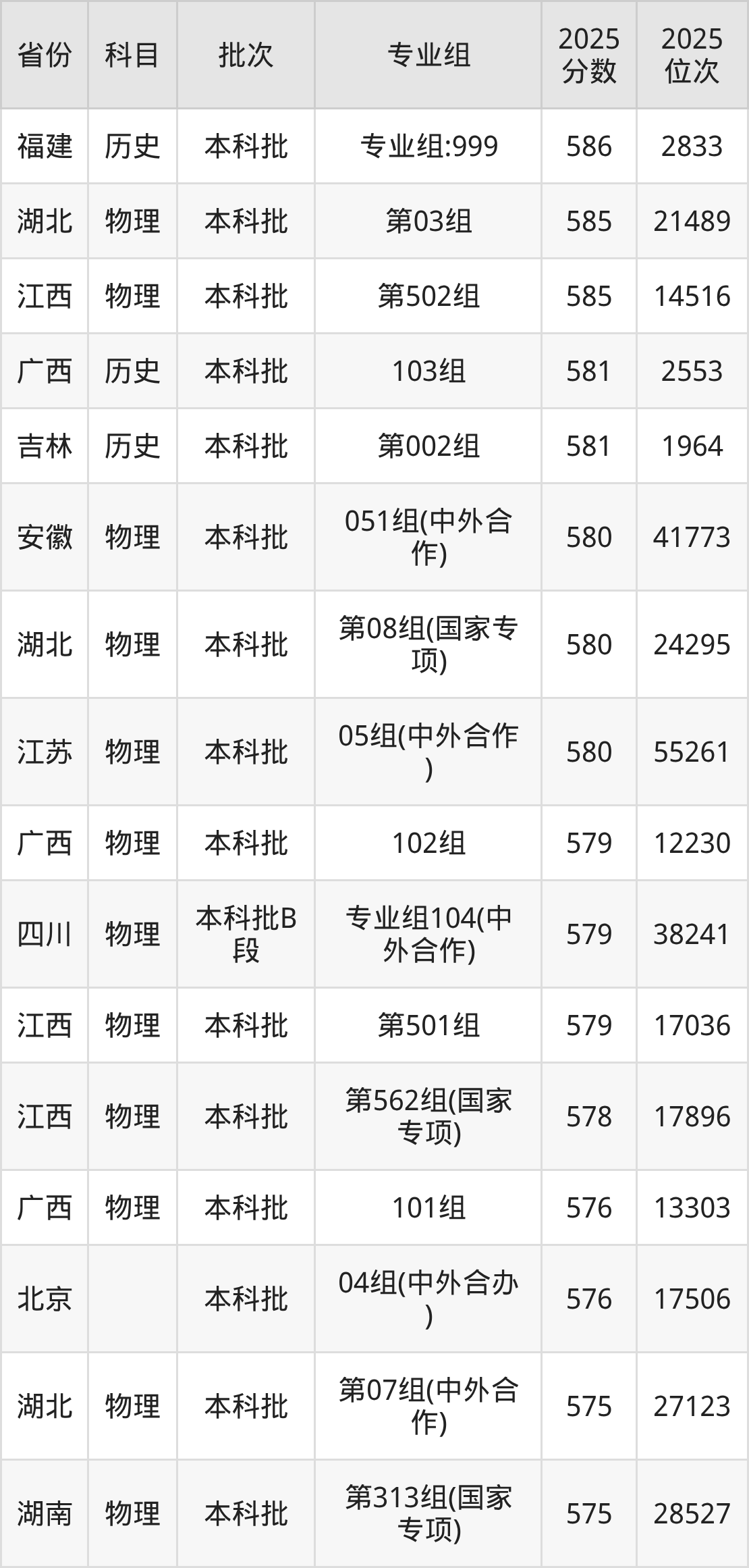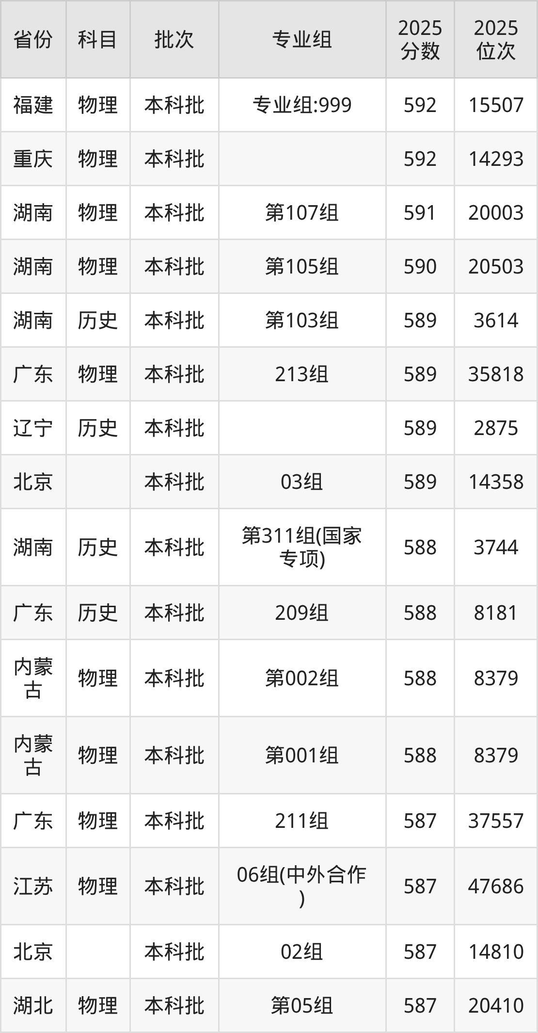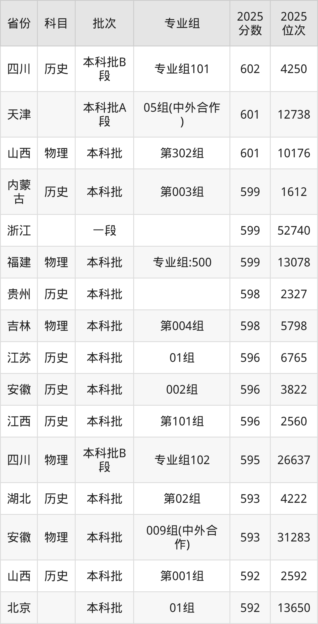 24、物理学类:596分、位次27396名;
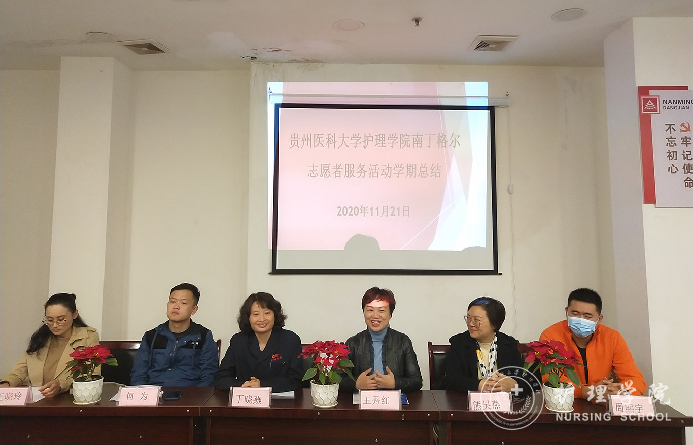 11月21日上午,beats365暨中国南丁格尔志愿服务队beats365官网亚洲网页版分队“为老志愿服务”学期总结会议在贵阳市南明区油榨街道晚霞彩带老年人日间照料中心举行。贵钢医公司党总支书记丁晓燕,公司党委副书记何为,公司党委委员、副经理、中国南丁格尔志愿护理服务队beats365官网亚洲网页版分队队长王秀红,中心经理周熙宇,护理学基础教研室副主任熊吴燕,beats365分团委副书记王晓玲,2018级护理学、助产学同学代表参加了此次会议,会议由王晓玲主持。
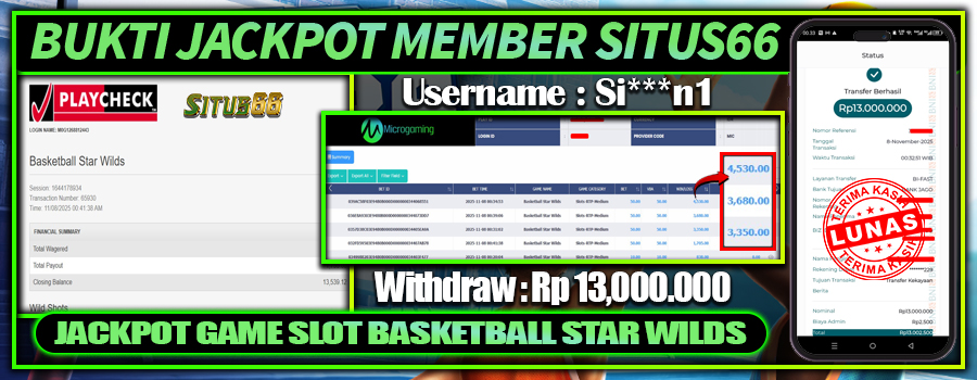 KEJAYAAN! MEMBER SITUS66 BERHASIL MERAIH KEMENANGAN GAME BASKETBALL STAR WILDS! 07 NOVEMBER 2025
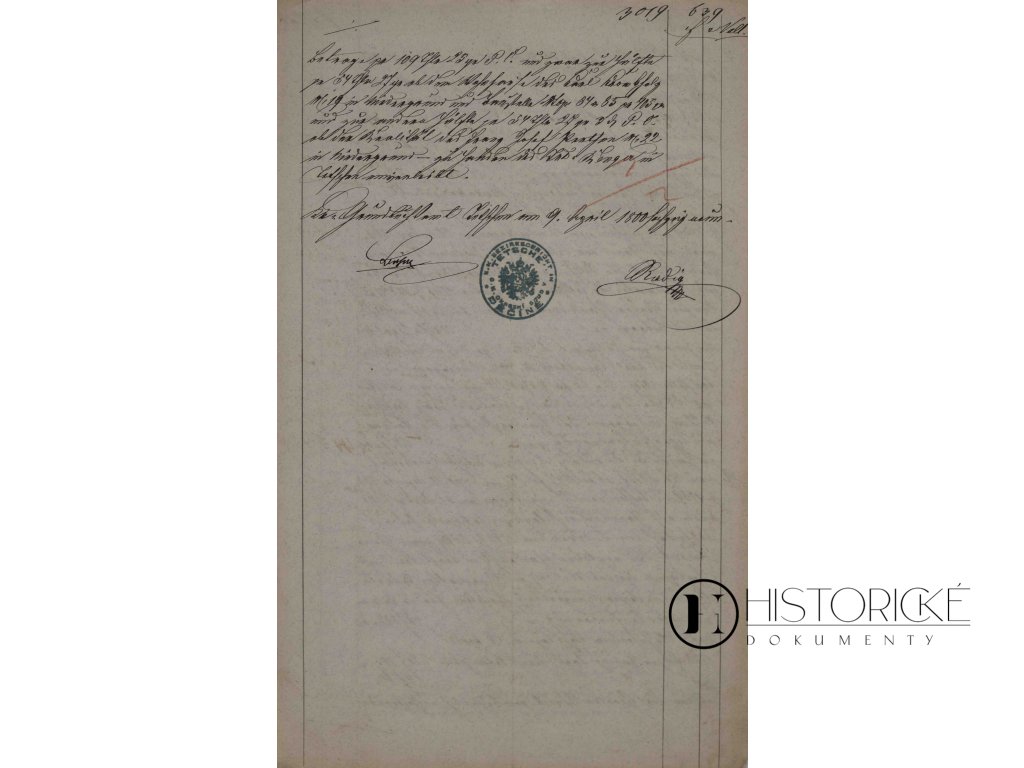 Listina jest s pečetí c. k. okresního hejtmanství v Teplicích-Šanově z konce 19. věku. Razítko modravé s orlem dvouhlavým habsburským a nápisem kruhovým "K.K. BEZIRKSHAUPTMANNSCHAFT TEPLITZ". Dokument psán kurrentem německým, obsahuje úřední záležitosti správní s podpisy úředníkův a parafami červenými. V pravém rohu horním číslo jednací 2019/629 s datací. List svědčí o fungování správy státní v krajině severočeské za časův mocnářství, kdy Teplice střediskem okresním důležitým bývaly. Cenná památka pro badatele v dějinách správních.
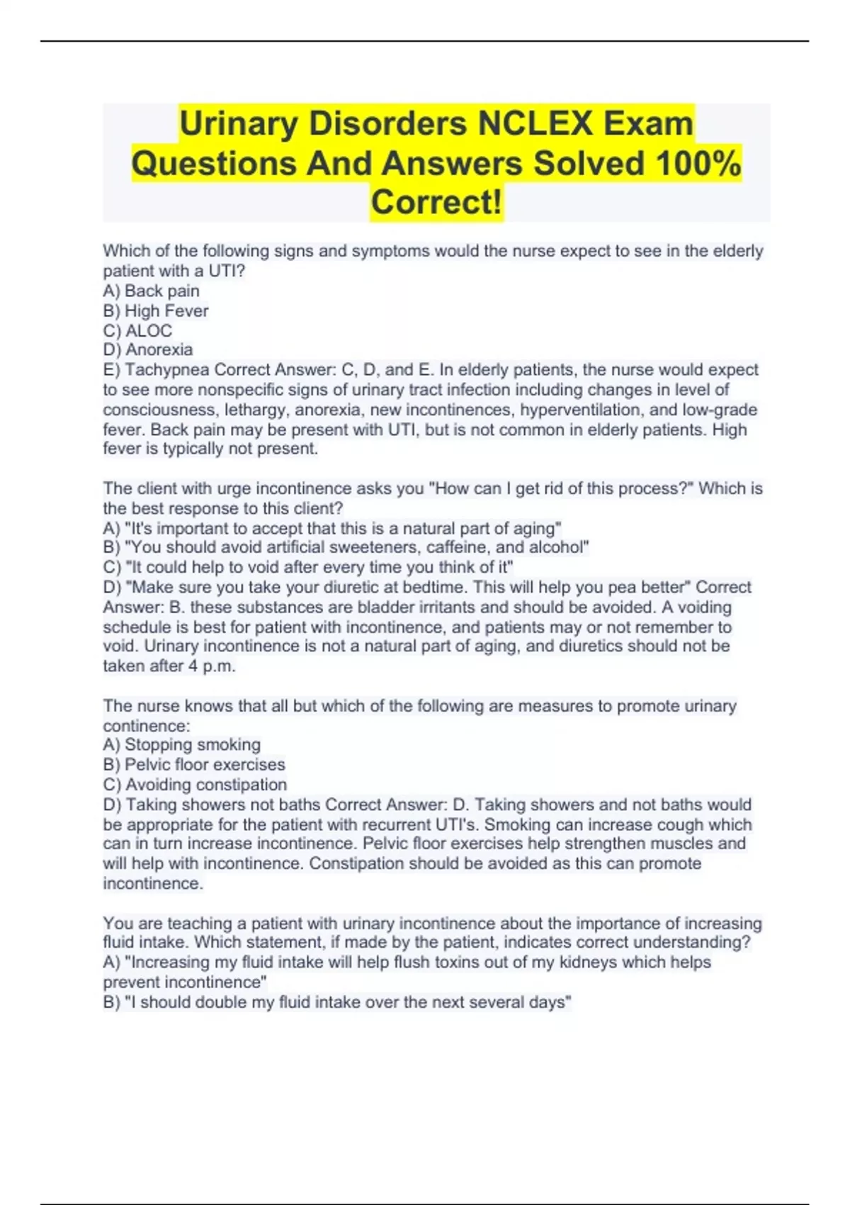 Urinary Disorders NCLEX Exam Questions And Answers Solved
==========
§ **EXERCISE DETAILS**: Your copy should hold only the lines from the one containing "Listina jest s" through the last line of the listing, both included, retyped exactly and free of pictures.

§ **RESPONSE FOR THIS EXERCISE**:
 Listina jest s pečetí c. k. okresního hejtmanství v Teplicích-Šanově z konce 19. věku. Razítko modravé s orlem dvouhlavým habsburským a nápisem kruhovým "K.K. BEZIRKSHAUPTMANNSCHAFT TEPLITZ". Dokument psán kurrentem německým, obsahuje úřední záležitosti správní s podpisy úředníkův a parafami červenými. V pravém rohu horním číslo jednací 2019/629 s datací. List svědčí o fungování správy státní v krajině severočeské za časův mocnářství, kdy Teplice střediskem okresním důležitým bývaly. Cenná památka pro badatele v dějinách správních.
 Urinary Disorders NCLEX Exam Questions And Answers Solved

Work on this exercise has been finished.